The loan product sold to Plaintiff in this case was exactly the kind of loan that has contributed to our national problem. The Defendants were aware of this trend, and possessed the foresight to advise Plaintiff of this risk. They intentionally concealed the negative implications of the loan they were offering, and as a result, Plaintiff faces the potential of losing [her] home to the very entity and entities who placed [her] in this position.

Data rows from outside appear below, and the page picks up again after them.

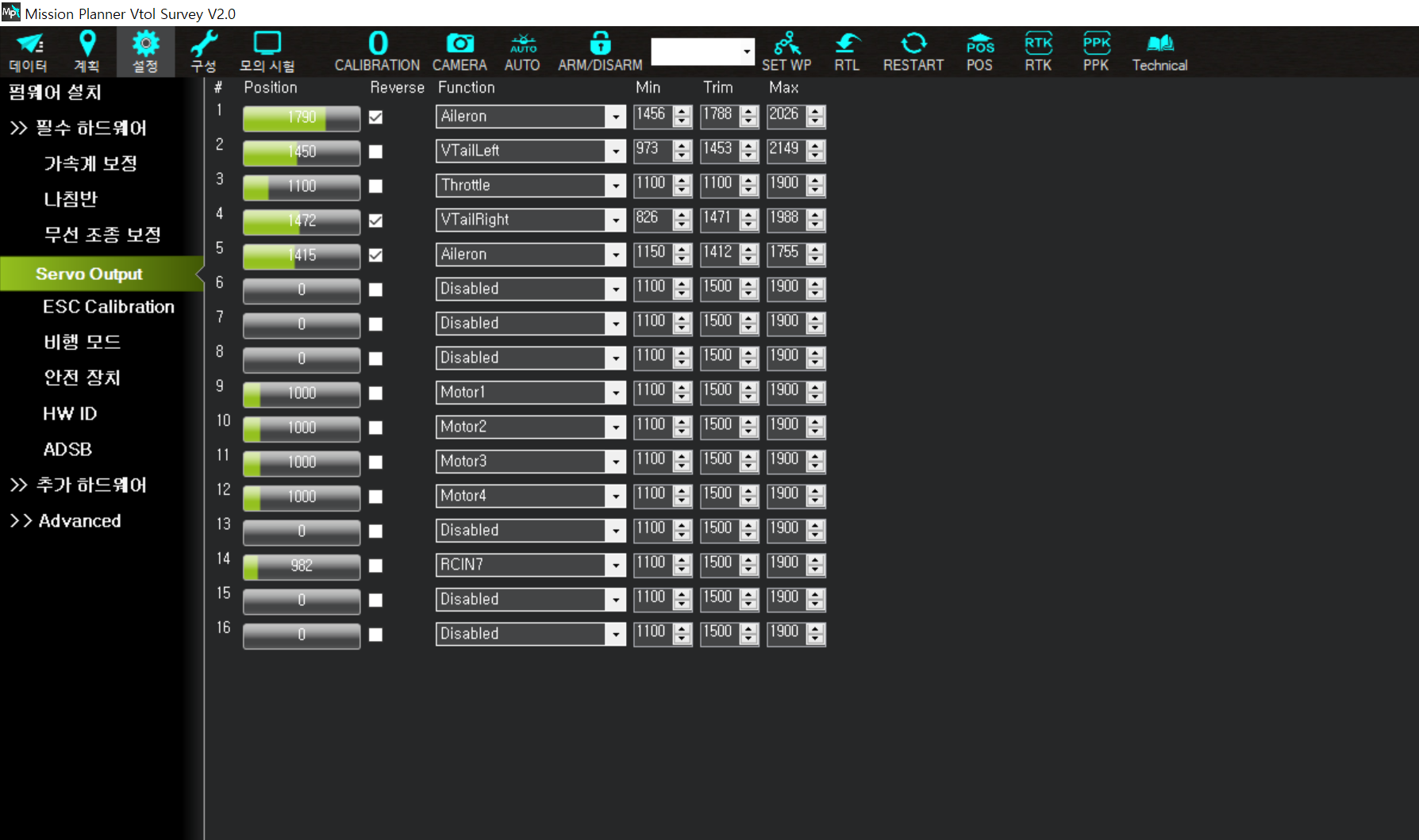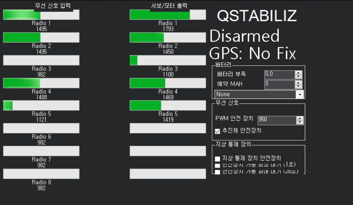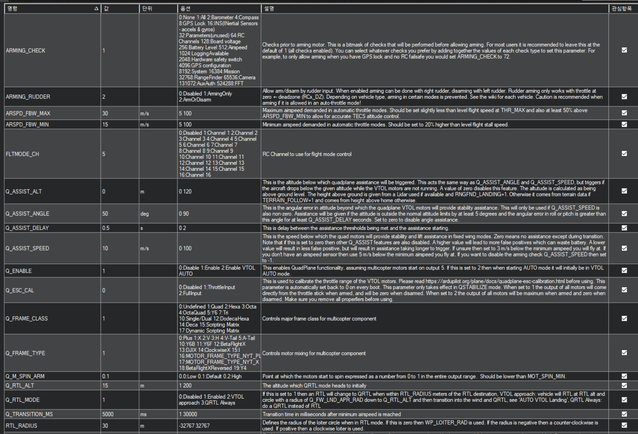 - Q_ESC_CAL=1, Q_SPIN_MIN=0, PREARM_CHECK = 0, Rudder로 Armming할 수 있도록 수정으로 수정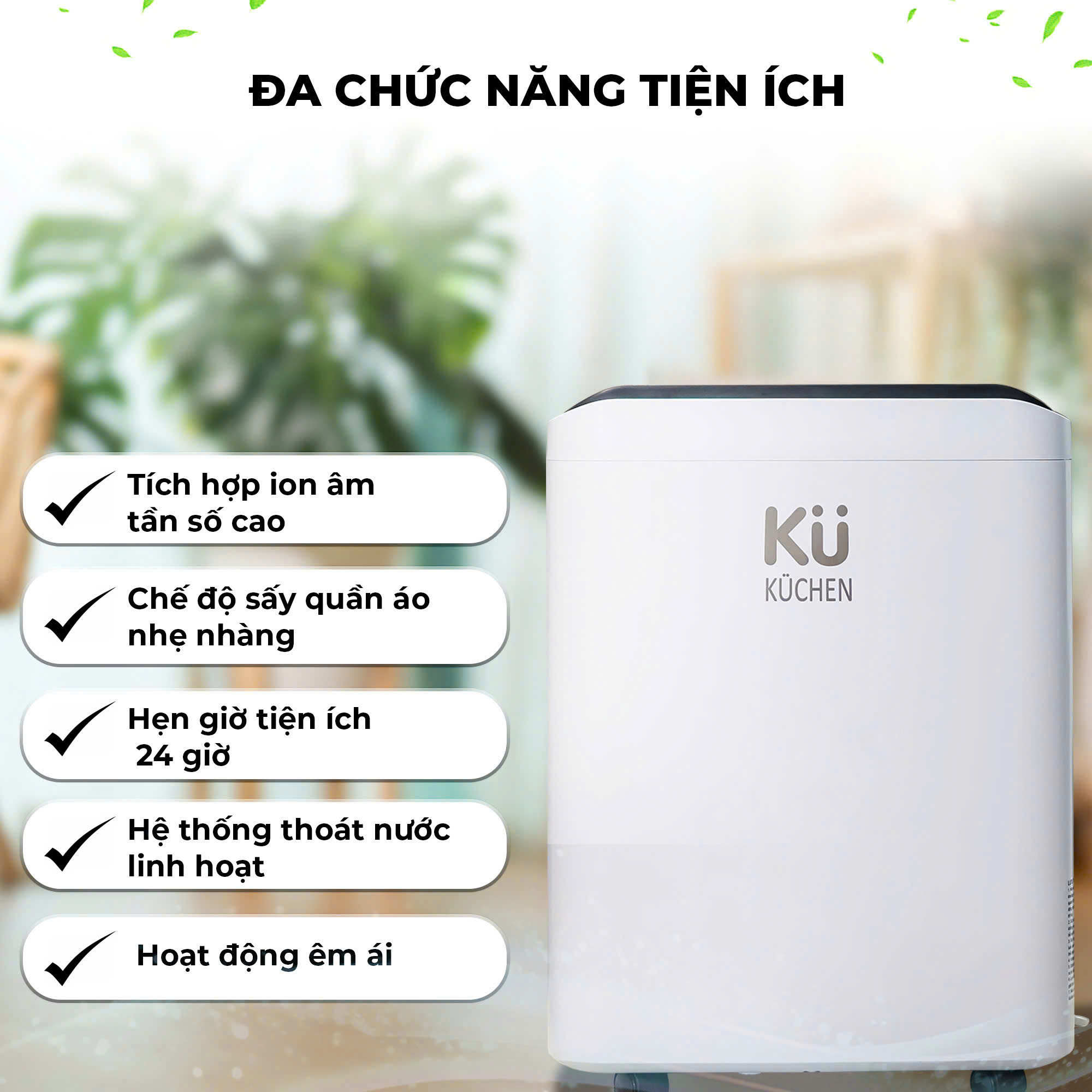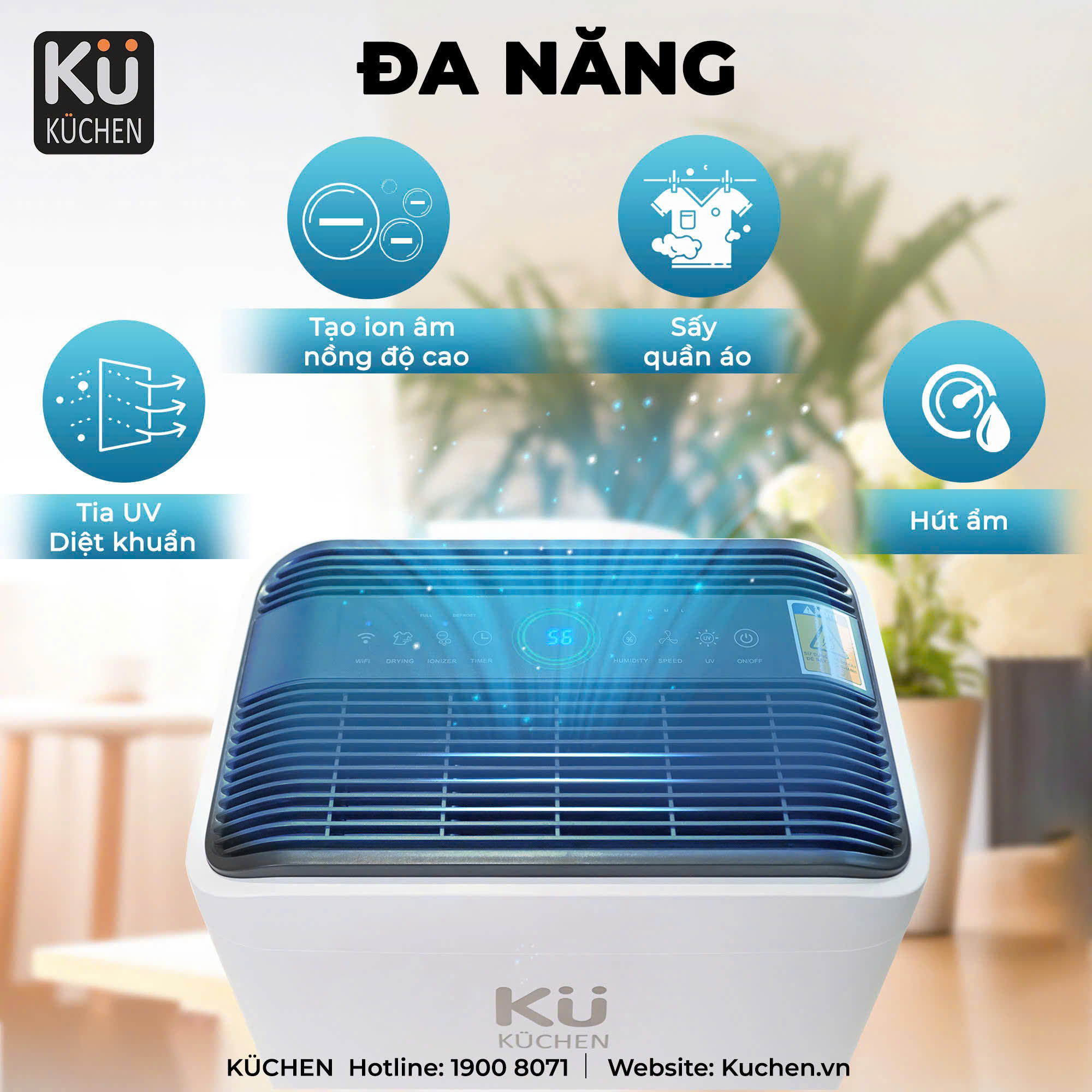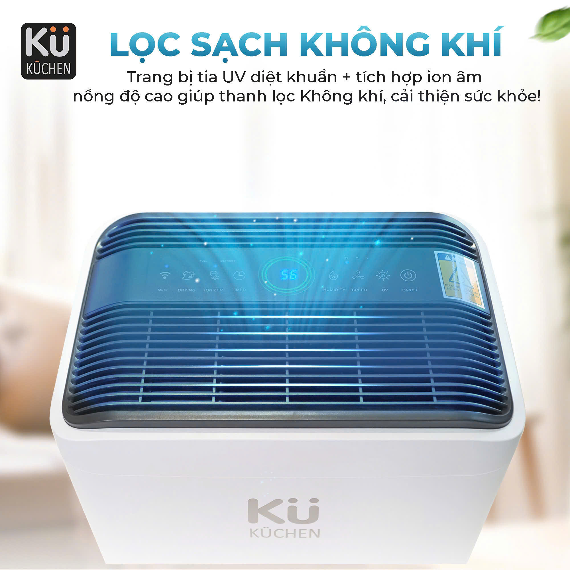 Tiện Lợi Mọi Lúc, Mọi Nơi: Thiết bị có khả năng kết nối với ứng dụng di động KUCHEN SMART, cho phép bạn dễ dàng điều khiển từ xa mọi lúc, mọi nơi. Bạn có thể theo dõi mức độ ẩm, bật/tắt thiết bị, hoặc điều chỉnh các cài đặt khác chỉ với vài cú chạm trên điện thoại. Tính năng này mang đến sự tiện lợi tối đa, giúp bạn quản lý và kiểm soát không khí trong nhà một cách hiệu quả ngay cả khi không có mặt tại nhà.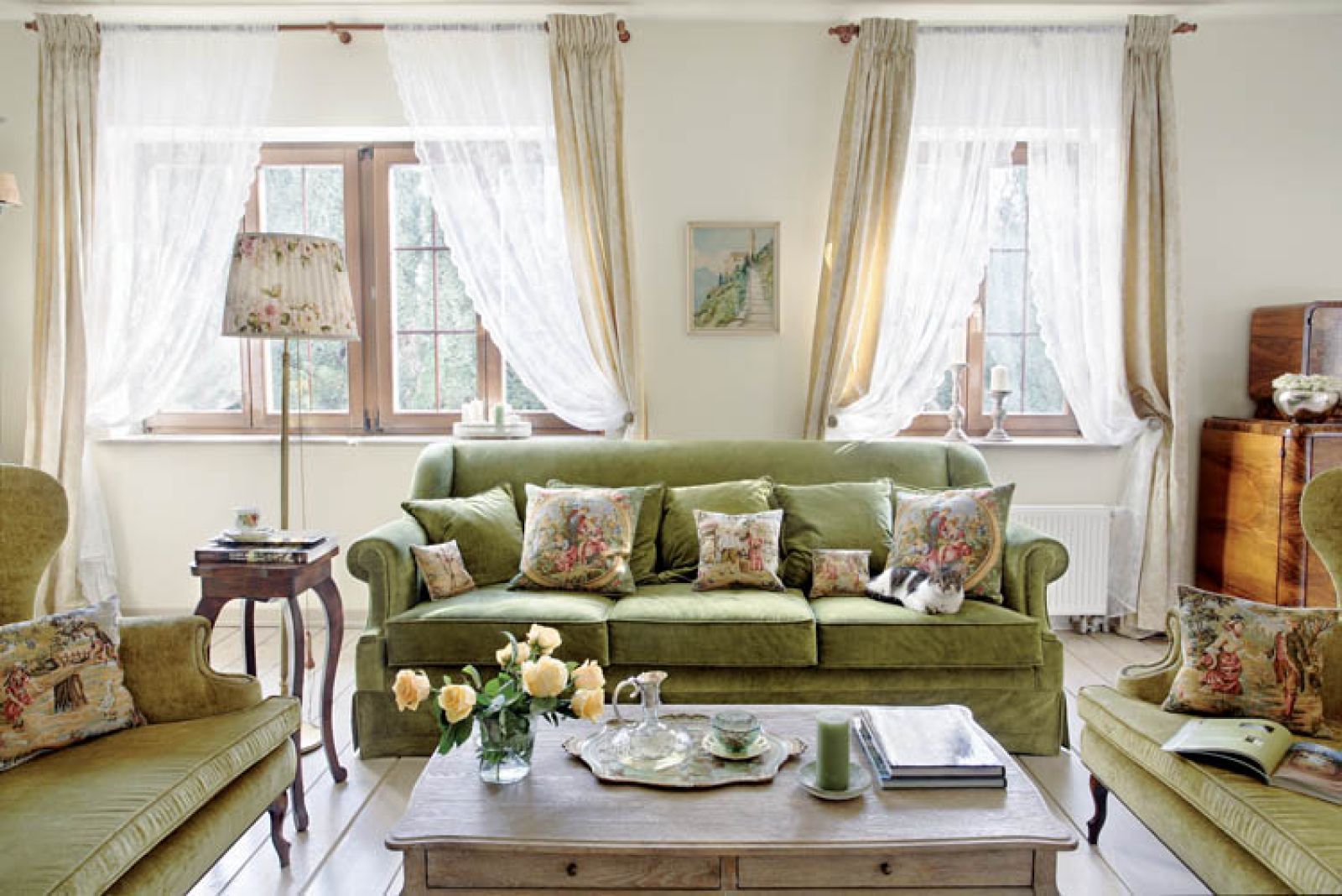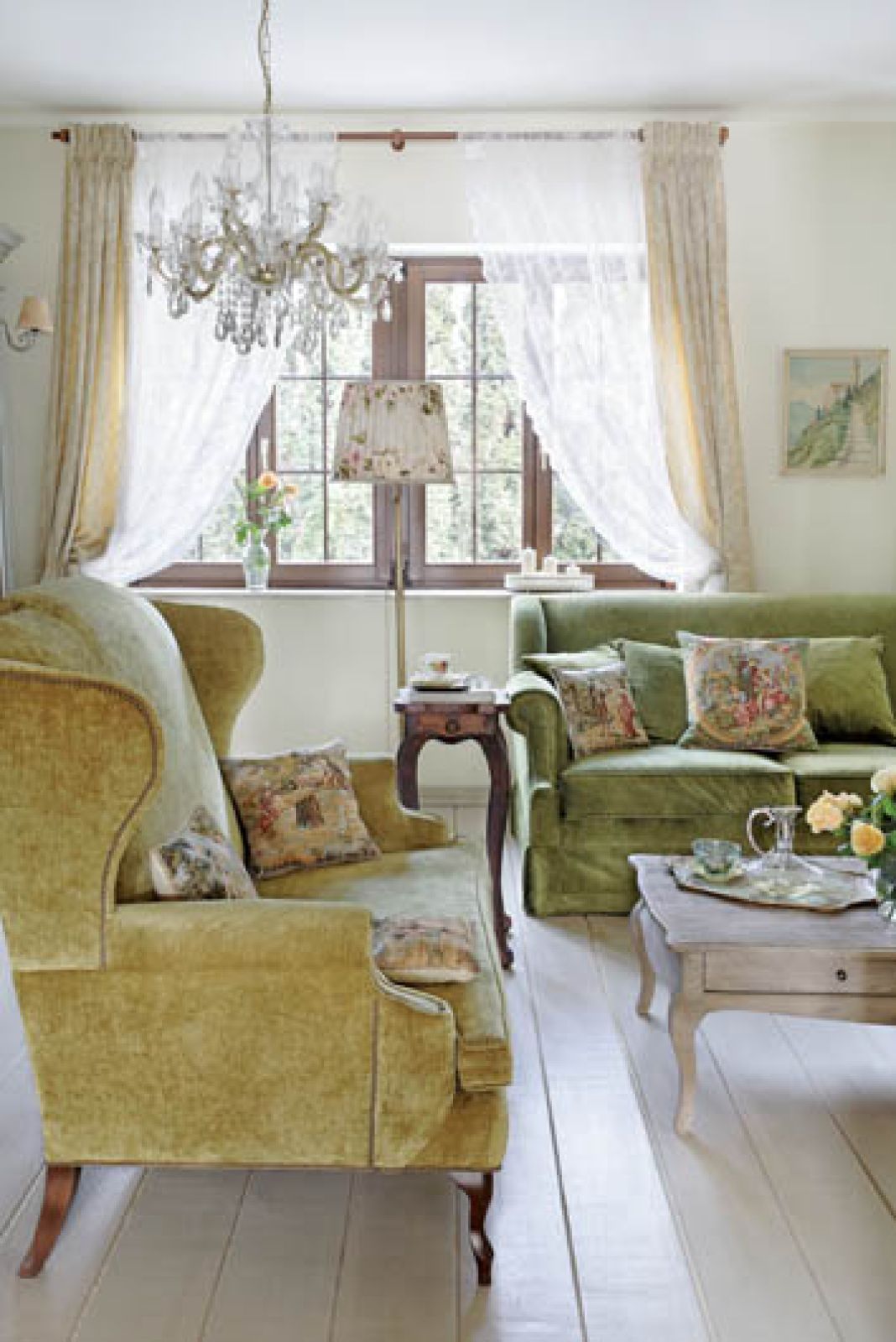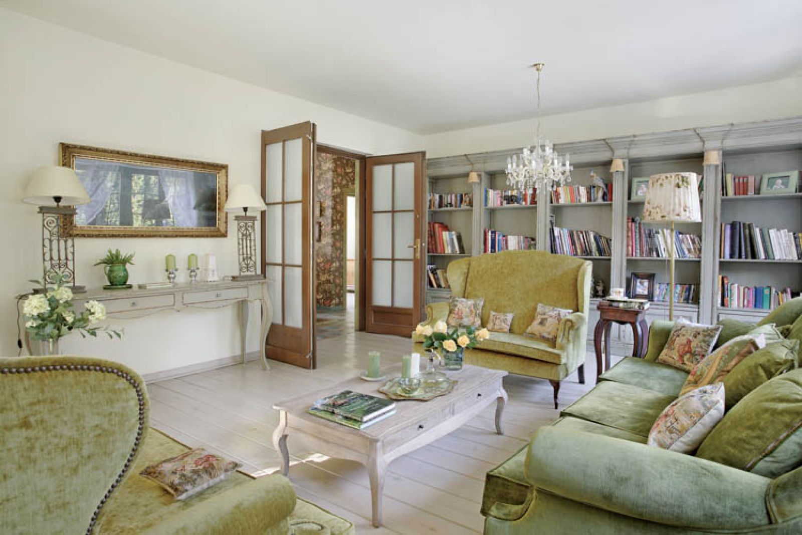 Meble – zielone kanapy i postarzaną bibliotekę – znalazła w Hiszpanii. Panowie z zaprzyjaźnionej firmy transportowej szczerze się nad nią litowali: – To już gorszych mebli ci Hiszpanie nie mieli? Takie odrapane…

Under Plaintiff's Truth in Lending Act claim, she alleges that Pacific, along with the lender, New Century Mortgage Corporation,
shuffled Plaintiff in, had Plaintiff sign on the dotted line, and shuffled Plaintiff out. Never was Plaintiff even given the required documents so that [she] could conduct [her] own due diligence to find out what exactly this adjustable rate mortgage was going to turn into. . . . Plaintiff is a layperson, and does not have a good command of the English language (Tagalog is her native language, not English). The representative at New Century and Pacific painted a very rosy picture for Plaintiff, and convinced [her] that [she was] more than able to afford the home [she] was applying for. . . . It wasn't until recently when Plaintiff's payments changed dramatically that she realized what she had gotten herself into.Comp. ¶ 75.
LEGAL STANDARD
A complaint must contain a "short and plain statement of the claim showing that the pleader is entitled to relief." Fed. R. Civ. P. 8(a). When considering a motion to dismiss under Rule 12(b)(6) for failure to state a claim, dismissal is appropriate only when the compliant does not give the defendant fair notice of a legally cognizable claim and the grounds on which it rests. Bell Atl. Corp. v. Twombly, 550 U.S. 544, 555 (2007). In considering whether the complaint is sufficient to state a claim, the court will take all material allegations as true and construe Inc. v. Kaplan, 792 F.2d 896, 898 (9th Cir. 1986). However, this principle is inapplicable to legal conclusions; "threadbare recitals of the elements of a cause of action, supported by mere conclusory statements," are not taken a true. Ashcroft v. Iqbal, 556 U.S. 662, 129 S. Ct. 1937, 1949-50 (2009) (citing Twombly, 550 U.S. at 555).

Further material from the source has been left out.